THE TASK: Transcribe exactly, and only, the lines running from the one that contains "切斷物件和來源檔的連結。圖面中的物件將變更為 WMF (Windows" through the last line of the material. No pictures.

INFORMATION SHOWN:
════════════════
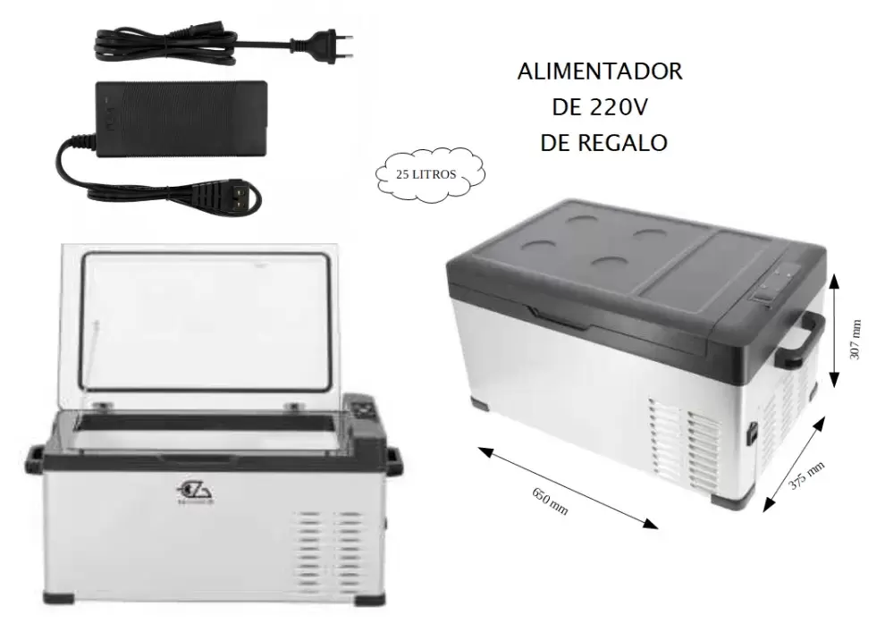 Fridge freezer EZA 25 Liters metal casing compressor 12V + 220V connector as a GIFT, Caravans, motorhomes, camper and 4x4 overland. - Ref. 522350
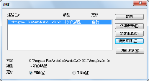 切斷物件和來源檔的連結。圖面中的物件將變更為 WMF (Windows 中繼檔格式),即時將來原始檔發生變更也不受影響。
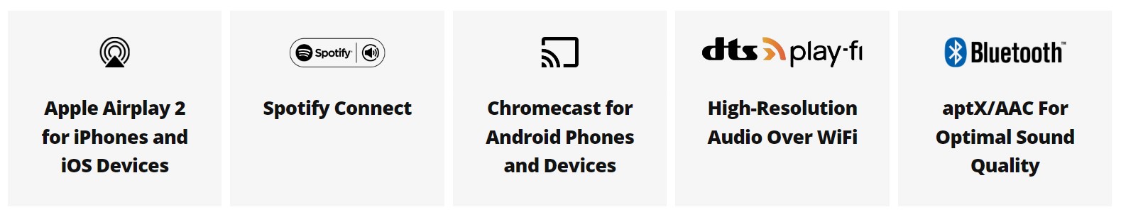 - Native control via Apple Airplay 2 for iPhone and iOS, Spotify Connect, & Google Chromecast for Android Phones and Devices
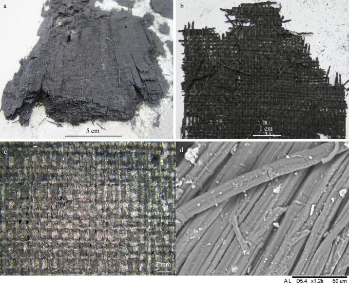Numerous layers of fabric are preserved, stacked tidily on top of one another. The threads appear extremely flattened in cross-section, suggesting that the fabric was likely pressed.
════════════════
ANSWER SECTION:
 切斷物件和來源檔的連結。圖面中的物件將變更為 WMF (Windows 中繼檔格式),即時將來原始檔發生變更也不受影響。
 - Native control via Apple Airplay 2 for iPhone and iOS, Spotify Connect, & Google Chromecast for Android Phones and Devices
Numerous layers of fabric are preserved, stacked tidily on top of one another. The threads appear extremely flattened in cross-section, suggesting that the fabric was likely pressed.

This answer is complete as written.